Invezz· 2025-09-19 15:16
Core Insights - The iShares iBoxx $ High Yield Corporate Bond ETF (HYG) is performing well this year, trading at $81.23, which is close to its all-time high due to increased investor demand [1] Group 1 - HYG stock has seen a significant increase in demand among investors, contributing to its strong performance [1]
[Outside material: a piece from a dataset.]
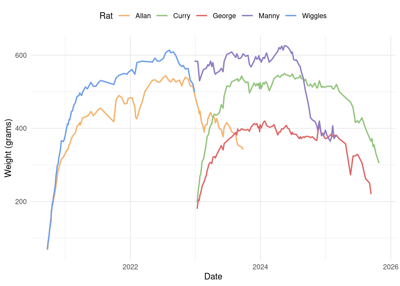 I tracked how much each rat weighed on a regular basis as recommended by the RSPCA.1 While there isn’t a universal ‘healthy weight’ across rats, the Isamu line for example typically fall in the 500-650g range when fully grown.2 As part of monitoring for sudden changes, it’s helpful to visualise this data.
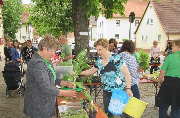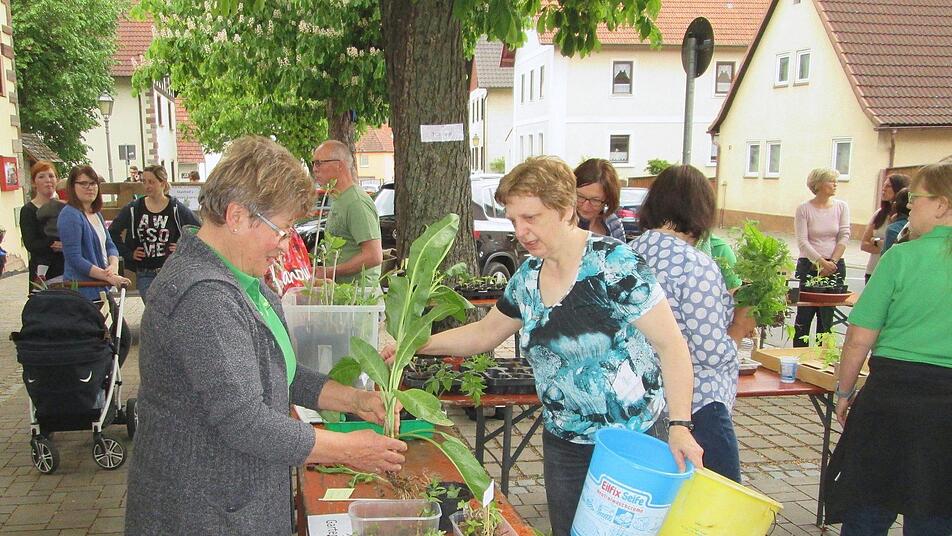 Die reichlich vorhandenen Blumenstauden nennt die Vorsitzende "ideal für Leute, die einen Garten anlegen wollen". Für sich selbst hat sie in der Vorwoche einen "Baumspinat" in Wartmannsroth ergattert, der bis zu zwei Meter hoch wächst. "Ich möchte ausprobieren, wie der Spinat vom Strauch schmeckt", bekennt Schipper-Telger, die "die Tauschbörse auf jeden Fall weiter betreiben will". Dabei - wie bei der Hammelburger Börse - ist auch Claudia Körber aus Bad Brückenau, die verschiedene Sorten selbstgewonnener Blumensamen anbietet. Ganz andere Genussartikel fanden ebenfalls guten Zuspruch - die Wildschwein-Bratwürste und der selbstgebackene Kuchen.

Why Gold ETFs Should Be in Every Portfolio
ZACKS· 2025-09-18 16:50
Core Viewpoint - The recent rate cuts by the Fed and ongoing inflation concerns are expected to further support the rally in gold prices, making it an attractive investment option for portfolio diversification and protection against inflation [1][2][3]. Economic Indicators - Gold prices have increased approximately 10% over the past month and about 20.5% over the past six months, indicating strong fundamental support for continued gains into late 2025 and 2026 [2]. - The U.S. Dollar Index (DXY) has decreased by 0.61% over the past five days and 10.69% year-to-date, with an all-time decline of 19.16%, which typically boosts gold demand as it becomes more affordable for foreign buyers [4][5]. Geopolitical Factors - Geopolitical tensions and trade uncertainties are driving safe-haven demand for gold, with expectations that these conditions will persist, further supporting gold prices [3][6][7]. - The Supreme Court's upcoming decision on the legality of tariffs under the International Emergency Economic Powers Act (IEEPA) adds to the economic uncertainty, potentially impacting market stability [8]. Investment Strategies - Investors are encouraged to consider increasing their exposure to gold through ETFs, as it serves as a hedge against macroeconomic uncertainty and geopolitical volatility [9]. - Recommended ETFs include SPDR Gold Shares (GLD), iShares Gold Trust (IAU), and others, with GLD being the most liquid option and having an asset base of $115.22 billion [10][12]. - For long-term investors, GLDM and IAUM are highlighted as cost-effective options with annual fees of 0.10% and 0.09% respectively, making them suitable for passive investment strategies [11][12].